■ How to complete this task
Further down are entries; set down exactly and only the lines from the one with "Stylish women's sandals" up to and including the one with "Record. | |||||", dropping each picture.

■ Task data
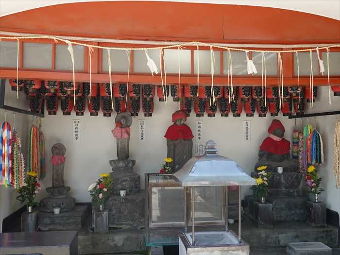 向かって左から、開運 目白地蔵尊、出世・子育 おやす地蔵尊、加頭地蔵尊(かとうじぞうそん)、
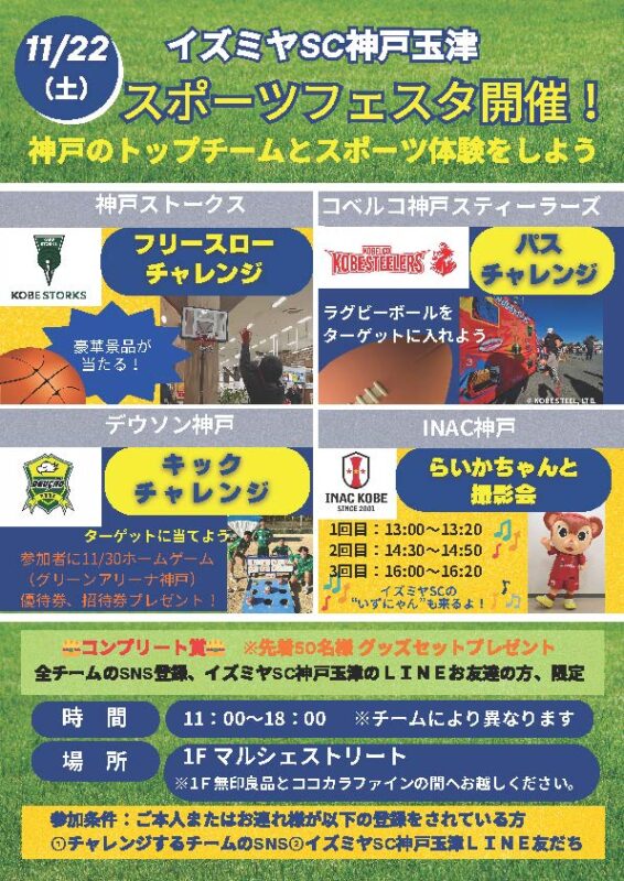 このたび11月22日(土)にイズミヤショッピングセンター神戸玉津にて開催される「スポーツフェスタ 神戸のトップチームとスポーツ体験をしよう!」に、神戸を拠点とするスポーツチームの神戸ストークス、デウソン神戸、INAC神戸レオネッサとともに参加します。
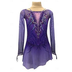 Eiskunstlaufkleid Damen Mädchen Eislaufen Kleider Violett Patchwork Daumenloch Gitter Spandex elastisch Ausbildung Praxis Professionell Eiskunstlaufkleidung Kristalle Langarm Eislaufen Eiskundstlauf
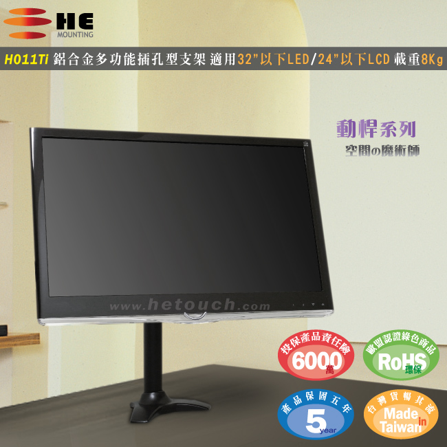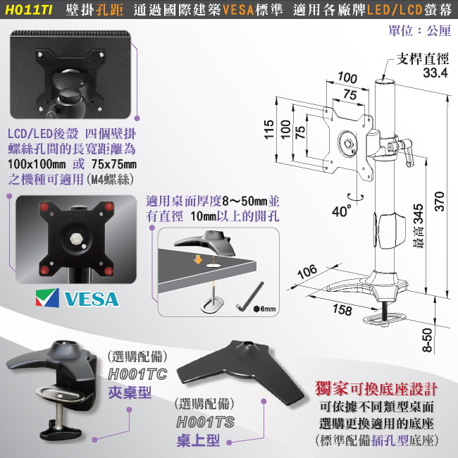 推出通用型多功能支架H011TI,除了真正通過VESA標準外,也適用於孔距長10公分/寬10公分或長7.5
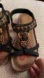 Stylish women's sandals featuring a chic dark navy and tan design. Rhinestones add a dazzle to this sandal. Perfect for casual outings and summer days. Worn once. Like new. Size 5
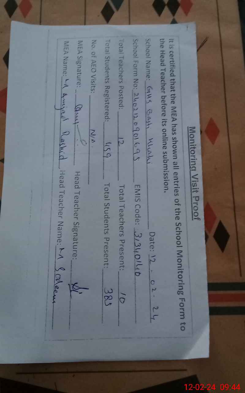 | Certified that this School was Inspected by the Undersigned MEA/DMO Today and the Information Stated Above is as Per Record. | |||||
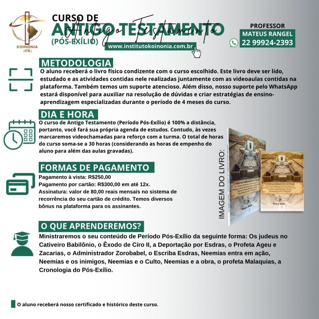 Casado, pai e fundador/diretor do Instituto Teológico Koinonia, Mateus G. Rangel também é linguista e literato pela UFF, psicopedagogo institucional e bacharel em Teologia pela FATIN. Com expertise em Hebraico Bíblico, Grego Koiné, cultura judaico-cristã e greco-romana e hermenêutica midrashita, leciona desde 2016 e já formou mais de 4.000 alunos no Brasil e no exterior.
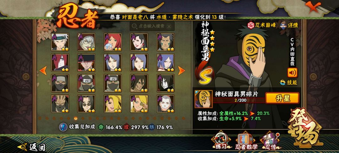 秽土斑☆暴怒六尾鸣人☆超哥☆三代目风影☆初代风影☆54个s忍☆2,600万☆164级

■ Written response
 Stylish women's sandals featuring a chic dark navy and tan design. Rhinestones add a dazzle to this sandal. Perfect for casual outings and summer days. Worn once. Like new. Size 5
 | Certified that this School was Inspected by the Undersigned MEA/DMO Today and the Information Stated Above is as Per Record. | |||||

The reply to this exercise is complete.